Ведущая на свет - стр. 7
Когда над моей головой вдруг раздается сухой раскат грома, я вздрагиваю и сбиваюсь с полета.
Непростительный просчет для ангела из Святой Стражи, вообще-то.
Потому что из-за потери концентрации одно из двух моих крыльев тут же сводит резкой судорогой, и оно вдруг исчезает. Совсем.
Не сомневайся в промысле Небес, Агата…
А я усомнилась.
И я падаю.
Вниз.
В Лимбе не умирают, второй раз не умрешь.
Несмотря на это, с землей мне встречаться больно…
2. Вкус чужой боли
Я прихожу в себя от боли. Жжет затылок, спина пылает, будто ее секли плетьми три часа кряду. Откуда я вообще знаю, как секут плетьми? Ой, да без понятия. Но сравнение подобралось вот такое.
Я не сразу осознаю, что могу шевелиться, кажется, что эта боль меня парализует, ослабляет. Надо мной едва-едва голубое небо и слепящее, режущее глаза белое солнце.

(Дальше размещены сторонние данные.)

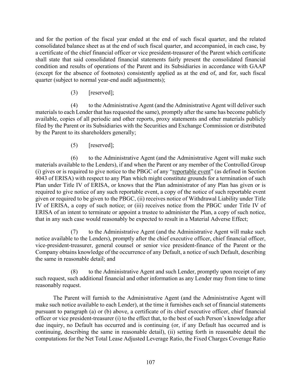 107和在该财政季度末结束的财政年度的部分,以及在该财政季度末的相关合并资产负债表,并在每种情况下均附有一份母公司首席财务官或副总裁兼财务主管的证明,该证明应说明所述合并财务报表根据在该财政季度末一贯适用的公认会计原则(没有脚注的情况除外)公允地反映了母公司及其子公司的合并财务状况和经营业绩,并为,此类财政季度(须按正常年终审计调整);(3)[保留];(4)向行政代理人(且行政代理人将向提出相同要求的每个贷款人交付此类材料),在该材料公开后立即将母公司或其子公司向证券交易委员会公开备案或由母公司一般向其股东分发的所有定期报告和其他报告、代理声明和其他材料的副本;(5)[保留];(6)向行政代理人(由行政代理人向贷款人提供此类材料),如果和当母公司或受控集团(i)的任何成员就任何计划向PBGC发出或被要求向PBGC发出可能构成根据ERISA标题IV终止该计划的理由的任何“可报告事件”(定义见ERISA第4043条)的通知,或知道任何计划的计划管理人已发出或被要求发出任何该等可报告事件的通知时,向PBGC发出或被要求发出该等可报告事件通知的副本,(ii)接获ERISA第四编项下的撤回法律责任通知,该等通知的副本;或(iii)接获PBGC根据ERISA第四编项发出的有意终止或委任受托人以管理该计划的通知,该通知的副本,在任何该等情况下合理地预期会导致重大不利影响;(7)向行政代理人(而行政代理人将向贷款人提供该等通知),在首席执行官、首席财务官、副总裁兼司库,总法律顾问或高级副总裁-母公司或公司的财务获得关于任何违约发生的知情、此类违约的通知,并以合理的详细说明;(8)向行政代理人和此类贷款人,在收到任何此类请求后立即提供任何贷款人可能不时合理要求的额外财务和其他信息。母公司将在根据上述(a)或(b)段提供每套财务报表时,向行政代理人(而行政代理人将向每个贷款人提供此类通知)提供其首席执行官、首席财务官或副总裁兼财务主管(i)的证明,大意是,据该人在经过适当查询后所知,没有发生违约并且仍在继续(或者,如果发生了任何违约并且仍在继续,则以合理的细节描述相同的情况),(ii)合理详细列明净总租赁调整后杠杆率、固定费用覆盖率的计算

В этом небе я летела, под этим небом не удержала внимание на тяжести крыла. Оно рассеялось, и я рухнула вниз. Паршивый из меня Страж Полей, что бы там ни говорил Джон.
Одно мое крыло – не рассеявшееся – неловко изогнулось под моей спиной. Судя по острой боли – сломано. Хотя падение смягчило. Ударься я головой, было бы хуже…
– Святоша, – тихо хрипит кто-то из-под моей спины, – я чую, что ты очнулась, слезь с меня, будь добра.
Твою же любимую мамочку, Агата! Ты на кого-то упала!
Собираю себя в кулак, отрешаюсь от боли, скатываюсь на землю.
Подо мной – крест. К таким крестам на Поле Распятых приковывают демонов.
Ой-ой. Я упала на крест, обрушила его на землю.
Будет мне сегодня выговор, будет и штраф. Мистера Пейтона хлебом не корми, дай наложить взыскание. Очень суров и придирчив этот мой начальник. Мне кажется, что ко мне особенно. Джон успокаивает меня, говорит, что по три шкуры Артур Пейтон дерет со всех своих подчиненных. А я прямо не знаю… Мне порой кажется, что где-то в прошлой жизни я наступила мистеру Пейтону если не на хвост, то на ногу – точно.
Может, это так у меня совесть нечистая чешется, потому что Артуру не за что испытывать ко мне приязнь. Работник я паршивый, в Лимбе водятся и получше. А греховный кредит у меня большой. Немногим меньше, чем у тех, кто начинает демонеть. От обращения в демона меня не так уж много отделяет. Чуть-чуть расслабься, чуть-чуть искусись – и пойдешь в обратную сторону от освобождения.
– Я ни на что не намекаю, но святая земля жжет меня не меньше креста, – слабо звучит все тот же мужской голос, – и валяться между двумя калеными наковальнями не входит в комплекс моих карательных мер. Они должны быть болезненны до грани сознательного. А я вот-вот отрублюсь.